Open Field System - History

History

Open fields appear to have developed in the medieval period, and were particularly well suited to the very heavy ploughs that were used to cut through the heavy clay soils common in north-western Europe. The ox teams which pulled the ploughs were very expensive, and thus tended to be shared among the families of a village. This form of settlement is sometimes referred to as champion land.

Each village would be surrounded by several large open fields, usually not physically divided from each other, with each field containing a different crop as part of a three-field crop rotation. The fields would be split into sections a furlong (220 yards, about 200 metres) wide, each of which would be subdivided cross-wise into strips covering an area of half an acre (about 0.2 hectares) or less.
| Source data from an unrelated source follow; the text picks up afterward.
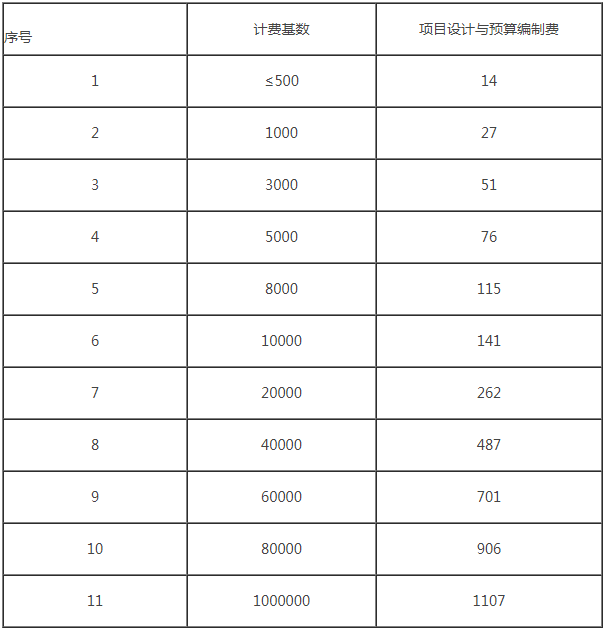 項目設計與預算編制費計費標準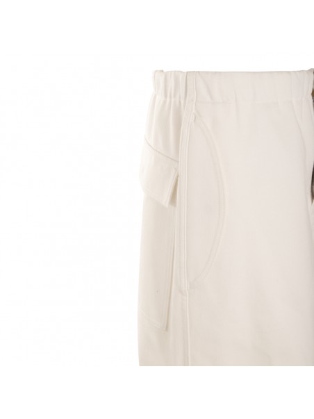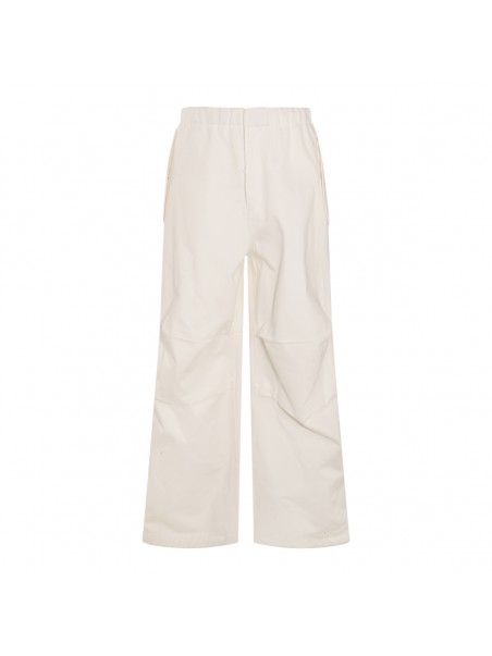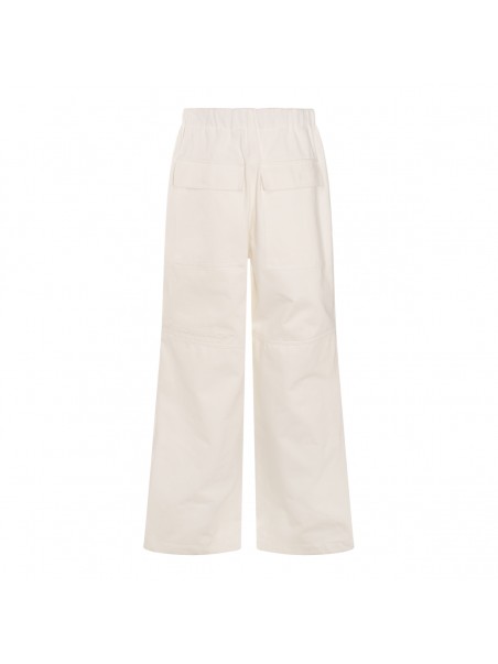 White cotton pants from Jil Sander featuring frontal zip and button fastening, elasticizated waist, regular vestibility and pockets.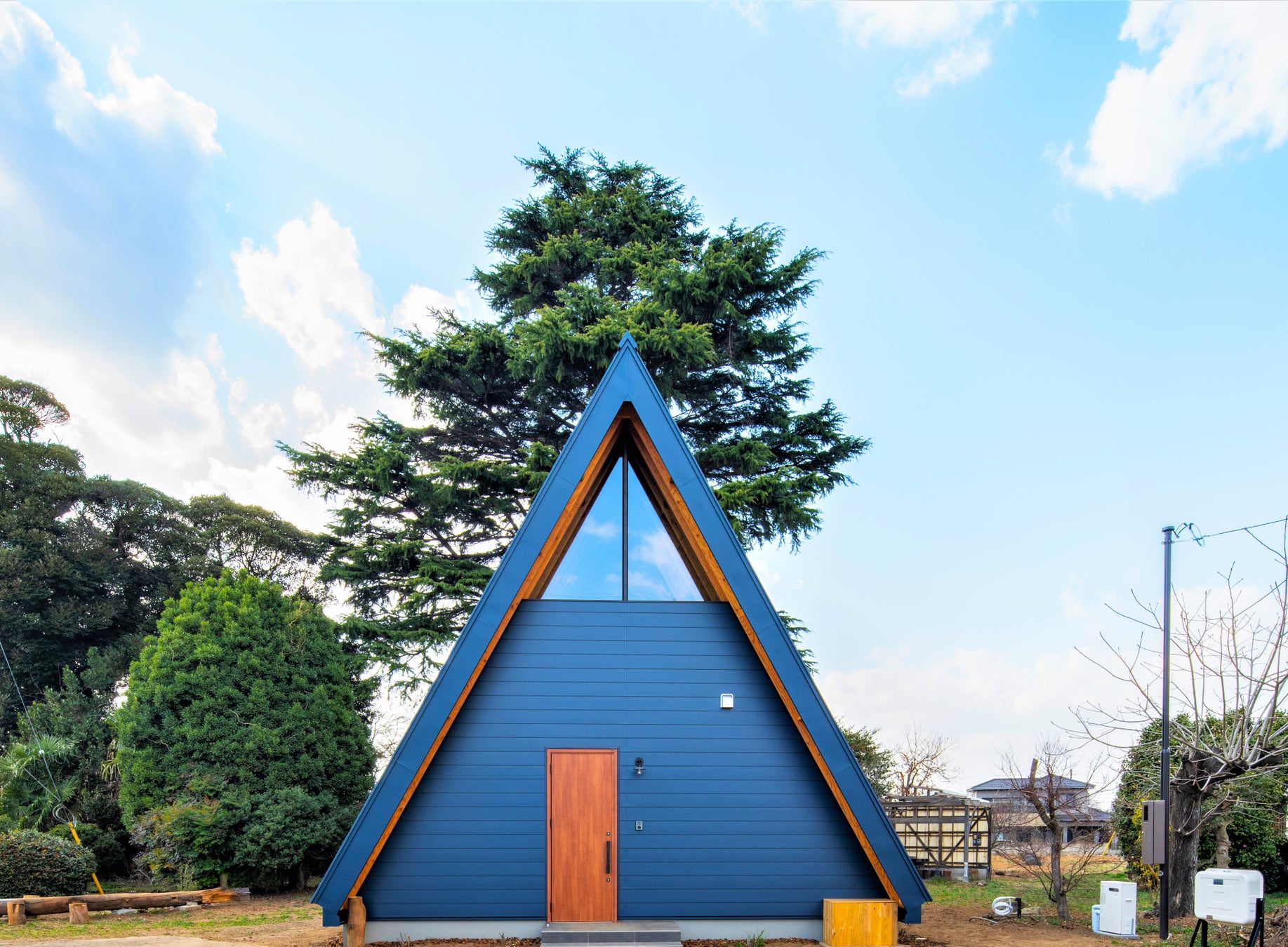 Aフレームとは、屋根と壁が一体になった三角形の構造で、日本ではまだ珍しい建物です。

Under their commoner's rights, each villager was allocated a set number of strips in each field (traditionally about thirty) which they would subsistence-farm. The strips were generally allocated by lot in a public meeting at the start of the year. The individual holdings were widely scattered, so that no single farmer would end up with all the good or bad land. The land was usually managed using ridge and furrow cultivation.

In addition to the three fields, there would be large common meadows (allocated in strips in a similar way), common pasture land or waste where the villagers would graze their livestock throughout the year, woodland for the pigs and for timber, and a communal village green for social events. There was also some private fenced land (paddocks, orchards and gardens), called closes, and often also a park for the use of the owner of the manor for hunting. The ploughed fields and the meadows were also used for livestock grazing outside the growing season.

As populations increased, the land available for each family diminished as more strips were required. From the late Middle Ages onwards, a gradual movement towards consolidation took place as small plots were amalgamated into fewer but larger holdings, with a corresponding increase in the power of the landowners.